**Data items**

----------

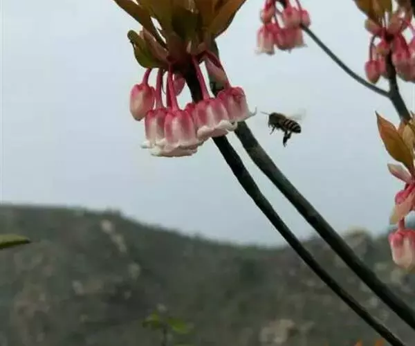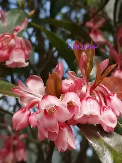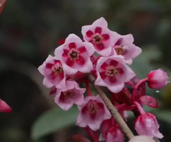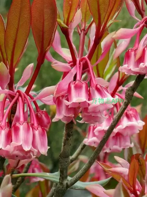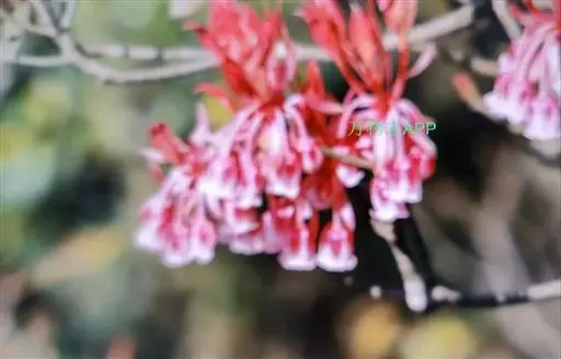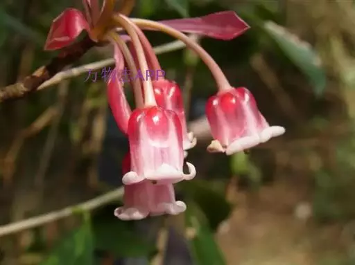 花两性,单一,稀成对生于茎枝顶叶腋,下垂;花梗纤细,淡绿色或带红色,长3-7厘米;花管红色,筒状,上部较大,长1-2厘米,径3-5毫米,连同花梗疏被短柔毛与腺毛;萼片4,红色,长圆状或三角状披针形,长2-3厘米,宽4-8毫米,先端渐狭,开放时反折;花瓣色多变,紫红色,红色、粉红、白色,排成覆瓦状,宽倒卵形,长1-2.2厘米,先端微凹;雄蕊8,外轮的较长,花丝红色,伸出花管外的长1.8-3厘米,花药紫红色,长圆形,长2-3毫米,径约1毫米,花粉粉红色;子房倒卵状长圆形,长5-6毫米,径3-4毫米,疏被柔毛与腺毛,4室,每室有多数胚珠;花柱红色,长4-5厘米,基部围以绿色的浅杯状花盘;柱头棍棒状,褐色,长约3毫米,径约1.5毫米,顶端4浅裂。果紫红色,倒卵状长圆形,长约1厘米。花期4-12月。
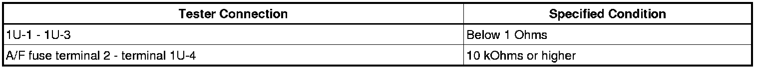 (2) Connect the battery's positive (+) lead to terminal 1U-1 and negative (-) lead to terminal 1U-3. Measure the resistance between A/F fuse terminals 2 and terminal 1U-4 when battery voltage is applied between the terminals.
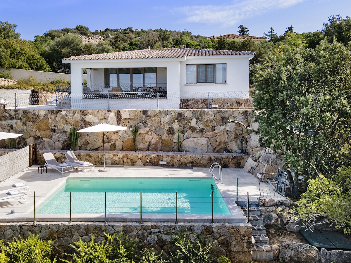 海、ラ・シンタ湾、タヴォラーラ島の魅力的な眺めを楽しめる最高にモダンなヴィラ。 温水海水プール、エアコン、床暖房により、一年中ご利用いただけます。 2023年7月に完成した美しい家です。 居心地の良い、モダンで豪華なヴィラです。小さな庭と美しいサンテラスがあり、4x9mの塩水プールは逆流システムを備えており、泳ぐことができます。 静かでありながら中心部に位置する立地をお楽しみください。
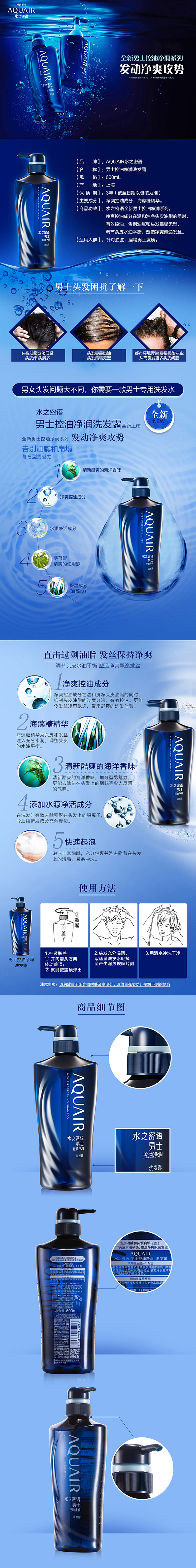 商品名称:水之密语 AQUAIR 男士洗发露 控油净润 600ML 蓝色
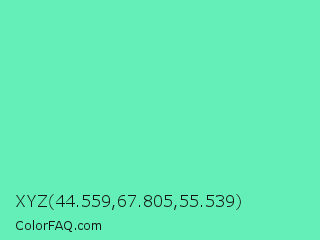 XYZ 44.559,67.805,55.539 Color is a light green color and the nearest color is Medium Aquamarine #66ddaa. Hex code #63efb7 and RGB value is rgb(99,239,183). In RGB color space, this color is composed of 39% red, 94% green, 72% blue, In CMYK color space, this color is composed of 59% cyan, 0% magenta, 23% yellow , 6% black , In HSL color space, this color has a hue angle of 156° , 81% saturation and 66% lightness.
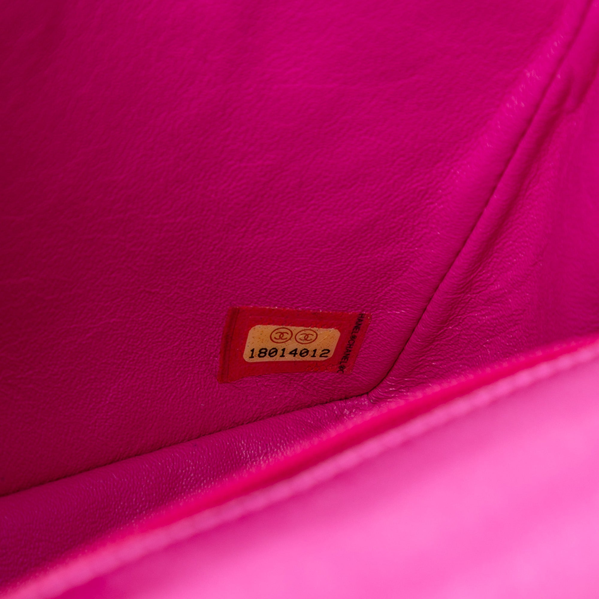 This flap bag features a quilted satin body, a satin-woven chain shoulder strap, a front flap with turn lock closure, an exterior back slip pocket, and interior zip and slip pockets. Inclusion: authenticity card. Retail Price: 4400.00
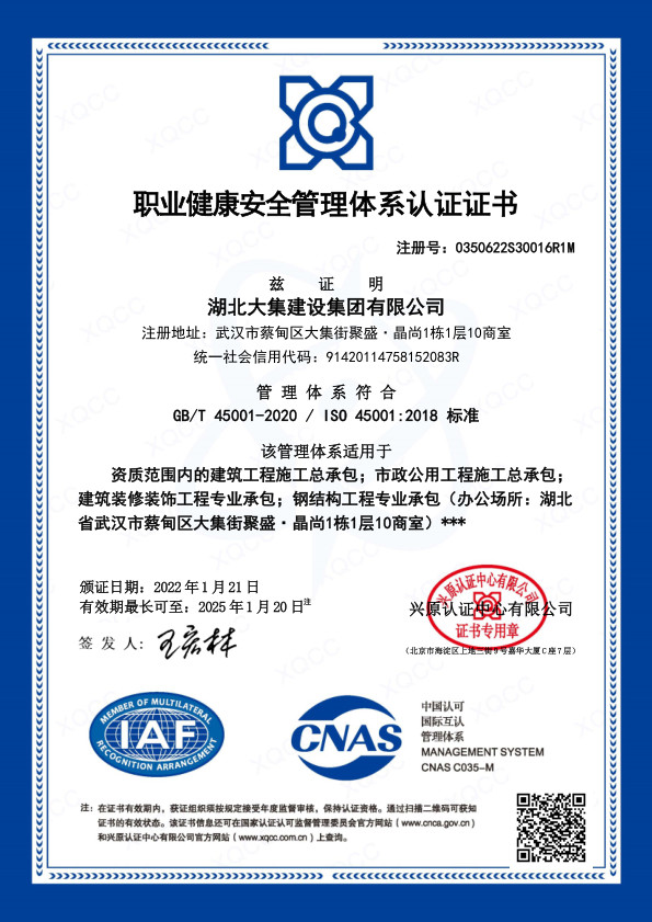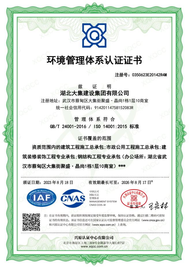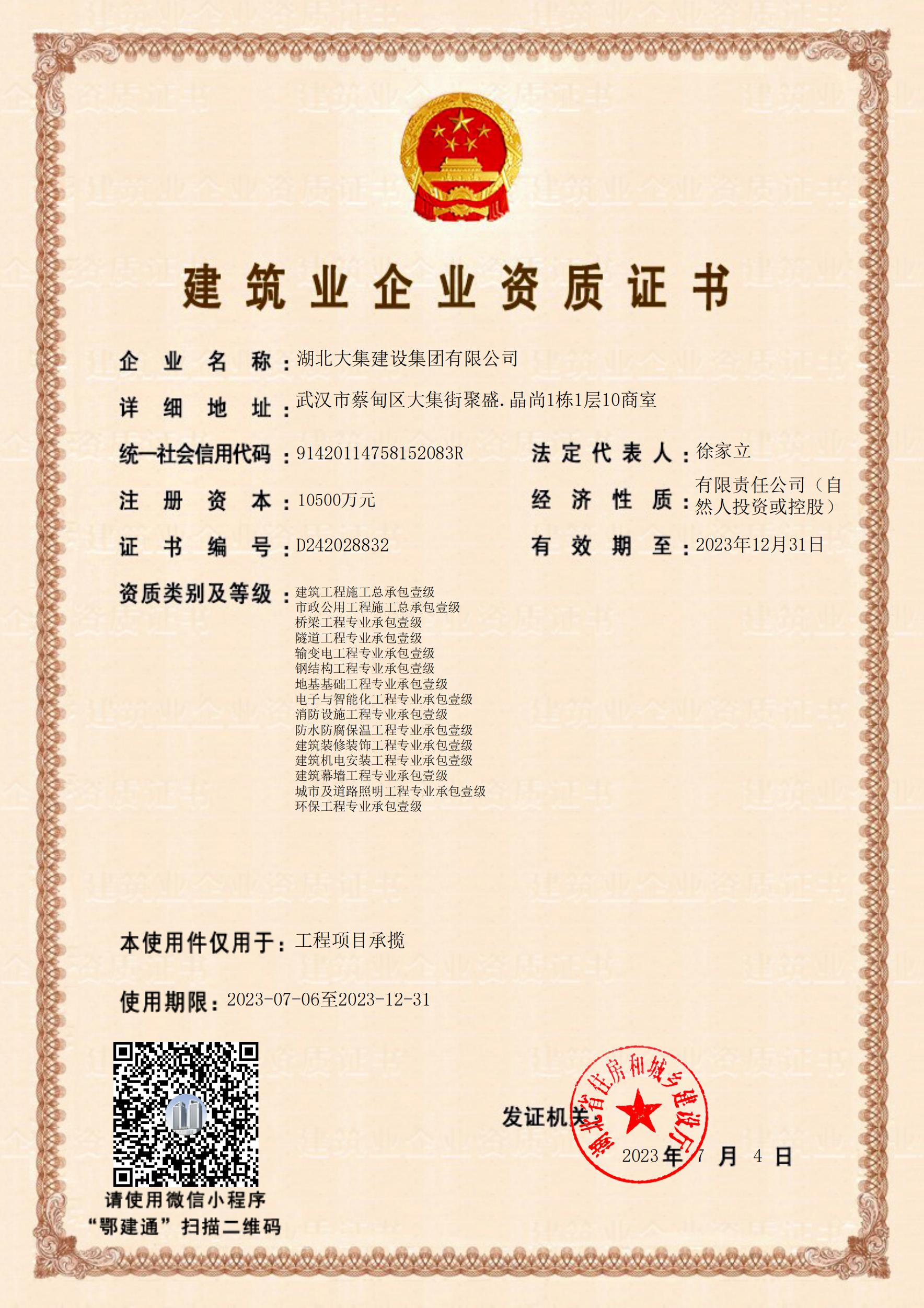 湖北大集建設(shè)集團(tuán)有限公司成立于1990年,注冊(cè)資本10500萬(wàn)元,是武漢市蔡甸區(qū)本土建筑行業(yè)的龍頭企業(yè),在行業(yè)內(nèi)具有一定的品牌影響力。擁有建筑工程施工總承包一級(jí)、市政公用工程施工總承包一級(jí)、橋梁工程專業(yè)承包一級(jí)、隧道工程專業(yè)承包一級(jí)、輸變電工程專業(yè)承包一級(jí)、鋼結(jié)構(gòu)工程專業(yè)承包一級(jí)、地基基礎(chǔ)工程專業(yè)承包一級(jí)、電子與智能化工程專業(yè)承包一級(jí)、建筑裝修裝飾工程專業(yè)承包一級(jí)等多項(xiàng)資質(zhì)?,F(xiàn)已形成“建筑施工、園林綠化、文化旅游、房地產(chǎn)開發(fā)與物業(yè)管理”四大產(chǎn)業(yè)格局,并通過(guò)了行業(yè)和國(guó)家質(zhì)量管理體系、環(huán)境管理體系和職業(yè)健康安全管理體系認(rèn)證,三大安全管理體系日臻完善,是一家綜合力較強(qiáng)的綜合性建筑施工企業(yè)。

----------

**What the task requires**
Omit the pictures. Print, word for word, the lines from the beginning of the entries above through the line that holds "XYZ 44.559,67.805,55.539 Color".

**Worked solution**
 花两性,单一,稀成对生于茎枝顶叶腋,下垂;花梗纤细,淡绿色或带红色,长3-7厘米;花管红色,筒状,上部较大,长1-2厘米,径3-5毫米,连同花梗疏被短柔毛与腺毛;萼片4,红色,长圆状或三角状披针形,长2-3厘米,宽4-8毫米,先端渐狭,开放时反折;花瓣色多变,紫红色,红色、粉红、白色,排成覆瓦状,宽倒卵形,长1-2.2厘米,先端微凹;雄蕊8,外轮的较长,花丝红色,伸出花管外的长1.8-3厘米,花药紫红色,长圆形,长2-3毫米,径约1毫米,花粉粉红色;子房倒卵状长圆形,长5-6毫米,径3-4毫米,疏被柔毛与腺毛,4室,每室有多数胚珠;花柱红色,长4-5厘米,基部围以绿色的浅杯状花盘;柱头棍棒状,褐色,长约3毫米,径约1.5毫米,顶端4浅裂。果紫红色,倒卵状长圆形,长约1厘米。花期4-12月。
 (2) Connect the battery's positive (+) lead to terminal 1U-1 and negative (-) lead to terminal 1U-3. Measure the resistance between A/F fuse terminals 2 and terminal 1U-4 when battery voltage is applied between the terminals.
 海、ラ・シンタ湾、タヴォラーラ島の魅力的な眺めを楽しめる最高にモダンなヴィラ。 温水海水プール、エアコン、床暖房により、一年中ご利用いただけます。 2023年7月に完成した美しい家です。 居心地の良い、モダンで豪華なヴィラです。小さな庭と美しいサンテラスがあり、4x9mの塩水プールは逆流システムを備えており、泳ぐことができます。 静かでありながら中心部に位置する立地をお楽しみください。
 商品名称:水之密语 AQUAIR 男士洗发露 控油净润 600ML 蓝色
 XYZ 44.559,67.805,55.539 Color is a light green color and the nearest color is Medium Aquamarine #66ddaa. Hex code #63efb7 and RGB value is rgb(99,239,183). In RGB color space, this color is composed of 39% red, 94% green, 72% blue, In CMYK color space, this color is composed of 59% cyan, 0% magenta, 23% yellow , 6% black , In HSL color space, this color has a hue angle of 156° , 81% saturation and 66% lightness.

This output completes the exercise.